Posts Tagged ‘vegetarianismo’

Soul Kitchen

Como não sou de fazer anúncios prévios da minha agenda aqui no blog, algumas pessoas que visitam com regularidade reclamam que só mostro eventos passados, e assim não conseguem aproveitar da minha comida. Pois bem, vamos ao jabá!

Aproveito a oportunidade para anunciar que depois de anos ausente, por estar dedicado a diferentes projetos, volto a participar do Rio Gastronomia. Um festival cheio de mídia, chefs e restaurantes badalados, concursos, e coisas assim. Agora, mesmo trabalhando numa cozinha fechada ao público, resolvi participar. Nada demais. Apenas convidei um restaurante amigo a apostar em um menu escrito por mim. O Vegetariano Social Clube topou, e vamos juntos nessa empreitada.

Festival Rio Gastronomia

Outro anúncio é que a partir de julho, a revista Folha Carioca, distribuída gratuitamente pela Zona Sul, vai inaugurar uma nova fase (a partir do número 100). Com novo projeto gráfico, e novos colaboradores. E, vou assinar a coluna de Gastronomia. Vou tentar deixar os textos interessantes. Espero que gostem.

Para não parecer que fiz um post apenas para me promover, atualizei a minha lista de filmes que falam sobre gastronomia recomendados com um filme, já antiguinho, chamado Soul Kitchen. Cinema alemão, atores pouco conhecidos do grande público. Mas a comédia acaba sendo bastante eficiente em mostrar o funcionamento de restaurantes. O filme está disponível na TV a cabo.

Soul Kitchen

Em algumas passagens do filme pude me lembrar muito claramente de um texto que postei que se chamava, sugestivamente, “Pérolas aos porcos”. Pois o filme também trata dessa relação, entre chef e clientela, sem colocar panos quentes.
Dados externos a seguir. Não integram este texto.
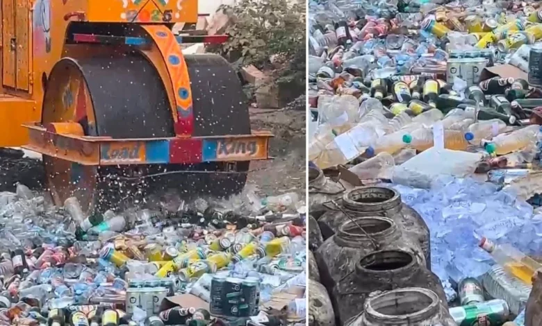 भोपाल में डेढ़ करोड़ की शराब पर चला रोड रोलर… 21 महीने में जब्त हुई थी 45,000 लीटर

No entanto, o mais legal do filme é mostrar a alma de cozinheiro. Essa força de vontade, essa gana em fazer o melhor, de chegar ao fim de um exaustivo dia de trabalho, que só vejo algumas vezes. Muitas pessoas trabalham em cozinha, mas poucas compartilham o sentimento de que estou falando. E, apenas alguns poucos tem isso tatuado na alma. Esses, mesmo que ainda sem experiência, já podem ser considerados artistas. Os outros, apenas artesãos.

Precisamos de ambos, na profissão. Mas, vejo as escolas formando grandes lotes de pessoas com uniformes bonitos, mas pouca alma de cozinheiro. As profissões que estão na moda sofrem desse mal.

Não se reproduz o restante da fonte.